Given data:

'''

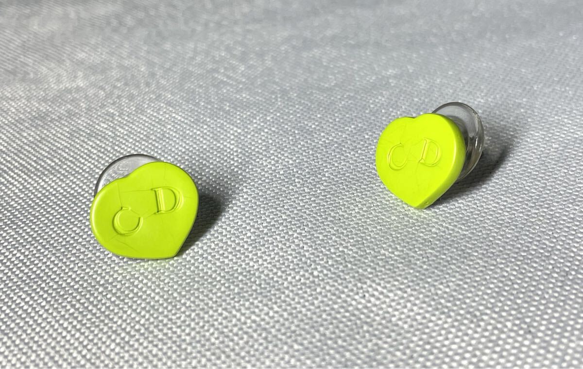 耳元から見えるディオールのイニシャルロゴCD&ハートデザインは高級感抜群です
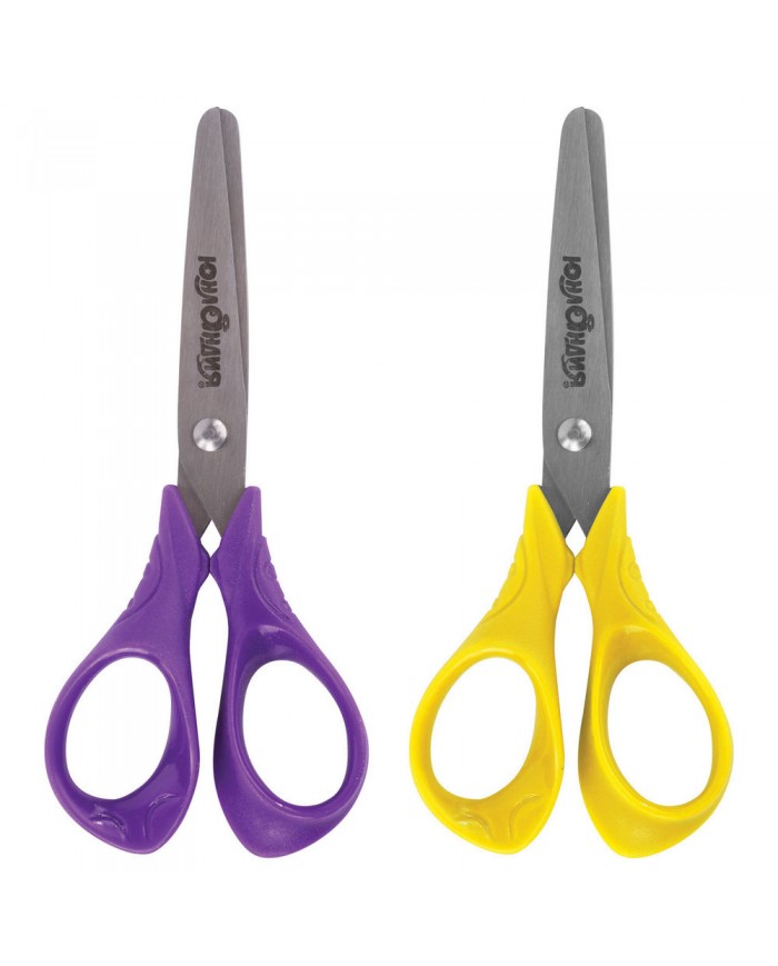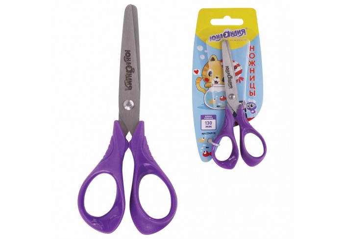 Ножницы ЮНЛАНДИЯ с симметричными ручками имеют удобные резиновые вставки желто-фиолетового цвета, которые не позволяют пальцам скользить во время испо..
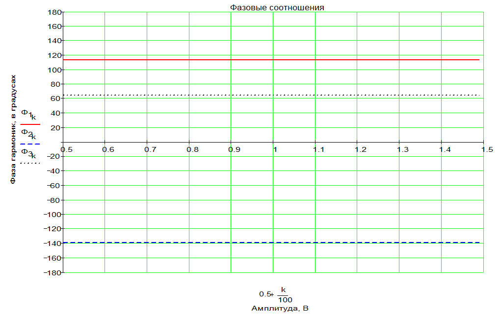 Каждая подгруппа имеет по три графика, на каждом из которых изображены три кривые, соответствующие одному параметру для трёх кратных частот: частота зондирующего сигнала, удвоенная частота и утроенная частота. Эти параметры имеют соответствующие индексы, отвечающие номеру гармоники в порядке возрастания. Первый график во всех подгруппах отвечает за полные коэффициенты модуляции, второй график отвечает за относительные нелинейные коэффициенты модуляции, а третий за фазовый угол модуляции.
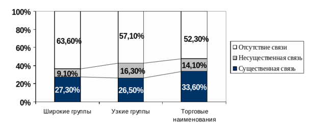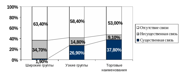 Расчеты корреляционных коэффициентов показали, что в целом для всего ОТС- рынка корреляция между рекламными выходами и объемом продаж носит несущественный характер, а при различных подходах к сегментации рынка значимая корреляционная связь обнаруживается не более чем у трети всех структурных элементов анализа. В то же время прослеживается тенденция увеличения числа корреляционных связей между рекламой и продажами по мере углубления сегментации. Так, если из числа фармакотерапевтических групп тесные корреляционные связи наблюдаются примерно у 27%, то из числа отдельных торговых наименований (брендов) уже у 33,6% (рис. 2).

'''

To do:
An exact copy of the material above is required, minus its images.

Result below:
 耳元から見えるディオールのイニシャルロゴCD&ハートデザインは高級感抜群です
 Ножницы ЮНЛАНДИЯ с симметричными ручками имеют удобные резиновые вставки желто-фиолетового цвета, которые не позволяют пальцам скользить во время испо..
 Каждая подгруппа имеет по три графика, на каждом из которых изображены три кривые, соответствующие одному параметру для трёх кратных частот: частота зондирующего сигнала, удвоенная частота и утроенная частота. Эти параметры имеют соответствующие индексы, отвечающие номеру гармоники в порядке возрастания. Первый график во всех подгруппах отвечает за полные коэффициенты модуляции, второй график отвечает за относительные нелинейные коэффициенты модуляции, а третий за фазовый угол модуляции.
 Расчеты корреляционных коэффициентов показали, что в целом для всего ОТС- рынка корреляция между рекламными выходами и объемом продаж носит несущественный характер, а при различных подходах к сегментации рынка значимая корреляционная связь обнаруживается не более чем у трети всех структурных элементов анализа. В то же время прослеживается тенденция увеличения числа корреляционных связей между рекламой и продажами по мере углубления сегментации. Так, если из числа фармакотерапевтических групп тесные корреляционные связи наблюдаются примерно у 27%, то из числа отдельных торговых наименований (брендов) уже у 33,6% (рис. 2).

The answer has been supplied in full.